I am very sure a lot of
times this question might have come to your mind, what exactly the scope is
in our Pom.xml file why to use and what is the purpose of this. In this blog, I
will try my best to answer these questions.
As per official maven
documentation, Scope Tag in maven dependency is used to use to limit the
transitivity of dependency or in simpler terms to define the scope or phase
in which that dependency will actually work.
The <Scope> the element can take six values in our pom.xml file:
ร Compile
ร Provided
ร Runtime
ร Test
ร System
ร Import
Now Let’s look into
more details for all these six Scopes.
Compile
This is the maven
default scope. This dependency is needed for the purpose of build, test and
runs the project.
Compile dependencies
are available in all classpaths of a project.
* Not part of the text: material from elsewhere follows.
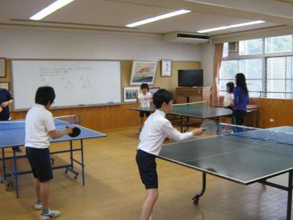 屋外スポーツクラブはみんなで種目を話し合った後,運動場でキックベースをしました。卓球クラブは3つのグループに分かれて試合を楽しみました。

These dependencies are also
transferred to dependent projects.
For e.g, we need the JAR
for compiling and running the web application
Provided
Provided is quite
similar to compile and is used during build and test the project.
This is also required to run, but should not be exported, because the dependency will be provided at the runtime by JDK or a container.
e.g We need JAR for
compiling the project, but at run time there is already a JAR provided by the environment so we don't need it to packaged again with our web application.
RunTime
This dependency is not
required for build or compilation, but is required to test and run our project.
Test
Test are not
needed to build and run the project. They are needed to compile and run
the unit tests.
System
This is similar to
provided and the only difference is system dependencies are not retrieved
from remote repository. They are present under some project’s subdirectory and
are referenced from there.
For e.g some
dependencies we might have created by our own and wanted to use it in our
project.
Import
This scope is
only supported on a dependency of type pom in the dependencyManagement section. Maven 2.0.9 or later replaces pom
with dependencymanagement Section.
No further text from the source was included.